Her cold eyes hardened. “I wouldn’t have come for nothing.”

“Then, I fail to see why you’re here,” I scoffed, throwing my hands out. “You have a map that leads to where it’s not, no true sightings, and no solid proof of its existence.”

Iaso cleared her throat. “It could be a lead worth following. We have nothing else to go on.”

Ara rested a hand on my forearm. “If the cave is empty, then someone took it. Someone has it. A weapon of that caliber—there’s bound to be talk.”

“Canyon,” Terran blurted. “Word spreads faster there than anywhere else, and I have friends there. They can start asking around.”

Ara bit the inside of her cheek. Her worried gaze returned to me, the furrow between her brows deep.

I smoothed it with my thumb as I said, “Write them. If the weapon exists, we need it before Winter Solstice.”

He gave a sharp nod and strode to the door, pausing only to glance over his shoulder at Calypso. That unnerving feline smile returned as she lifted her fingers and waved him on.

I sat in a chair, legs spread, and waited for his footsteps to fade. “He’s lying.”

Ewan reared back. “Terran?

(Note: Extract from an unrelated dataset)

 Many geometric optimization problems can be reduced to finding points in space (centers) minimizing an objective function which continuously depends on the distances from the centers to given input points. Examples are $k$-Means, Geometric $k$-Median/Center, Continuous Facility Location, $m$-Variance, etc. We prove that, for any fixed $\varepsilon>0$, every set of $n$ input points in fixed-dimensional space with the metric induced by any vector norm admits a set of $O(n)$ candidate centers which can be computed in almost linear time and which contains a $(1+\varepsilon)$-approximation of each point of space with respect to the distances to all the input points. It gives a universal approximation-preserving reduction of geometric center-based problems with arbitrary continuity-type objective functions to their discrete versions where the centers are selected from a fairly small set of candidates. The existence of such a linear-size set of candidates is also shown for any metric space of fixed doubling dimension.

About what?”

“Terran?” Calypso echoed. “That’s what—that’s his name?”

“Yes,” Iaso answered, too quickly.

I narrowed my eyes at her, at both of them. “I don’t know what about, but he is lying.”

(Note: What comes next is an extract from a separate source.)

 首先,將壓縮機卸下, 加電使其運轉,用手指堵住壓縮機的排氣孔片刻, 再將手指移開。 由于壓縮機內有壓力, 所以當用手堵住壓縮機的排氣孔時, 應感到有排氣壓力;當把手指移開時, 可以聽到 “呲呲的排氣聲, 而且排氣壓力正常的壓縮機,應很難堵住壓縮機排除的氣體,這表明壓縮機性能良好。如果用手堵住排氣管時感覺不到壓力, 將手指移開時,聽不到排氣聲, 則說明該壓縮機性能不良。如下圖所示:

The temperature of the room rose until Ara’s cheeks flushed, and sweat beaded on Ewan’s forehead.

Ara unbuttoned her coat. “His reaction to Adonis’s healing ability was odd. He seemed…confused.”

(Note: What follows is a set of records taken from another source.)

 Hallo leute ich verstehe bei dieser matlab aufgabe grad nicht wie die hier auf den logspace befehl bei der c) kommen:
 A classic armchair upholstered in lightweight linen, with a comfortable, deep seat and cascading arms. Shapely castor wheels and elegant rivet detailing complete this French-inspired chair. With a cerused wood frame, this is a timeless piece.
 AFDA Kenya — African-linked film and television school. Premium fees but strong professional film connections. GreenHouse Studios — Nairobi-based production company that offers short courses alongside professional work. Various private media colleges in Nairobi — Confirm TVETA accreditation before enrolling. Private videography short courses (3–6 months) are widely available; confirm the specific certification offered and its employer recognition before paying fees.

“That seems to be a frequent occurrence for him,” Calypso mused, reaching for her map.

I leaned forward and slammed a hand over the parchment. The fire in my irises reflected on her face. “You’re lying, too.”

She tensed. “About what, hmm? I didn’t come all this way to lie to you.” She released a low chuckle. “I could’ve done that in a letter.”

“I hope you’re not lying,” Ara said quietly, “not about this.”

Calypso’s humor faded. She slid the map from under my hand and rolled it up. “I wouldn’t lie about this.” As she tucked it into her satchel, she said to Iaso, “I’ll continue my inquiry in King’s Port. Ships come and go daily. With new men come new stories.”

“Let us know what you find,” Iaso urged.

Calypso slid past us and left without another word. Meanwhile, Ara surveyed Iaso.

She lifted a brow. “Yes?”

Ara shook her head. “Nothing, it’s just…you two look incredibly similar. Identical, other than the eyes.”

Iaso chuckled. “Well, we are twins.”

“Ah, yes, the twin sister you lied about for years.” I sneered. “Oh, how grateful you were to have a son—family, at last. Tell me, did she ever cross your mind when you looked me in the eye and recounted how you’d been without a family for centuries?”

Ewan straightened.

“I had been without one for centuries,” she said. “Since the moment I cut contact with her half a millennium ago.”

Ara asked, “Why did you cut her off?”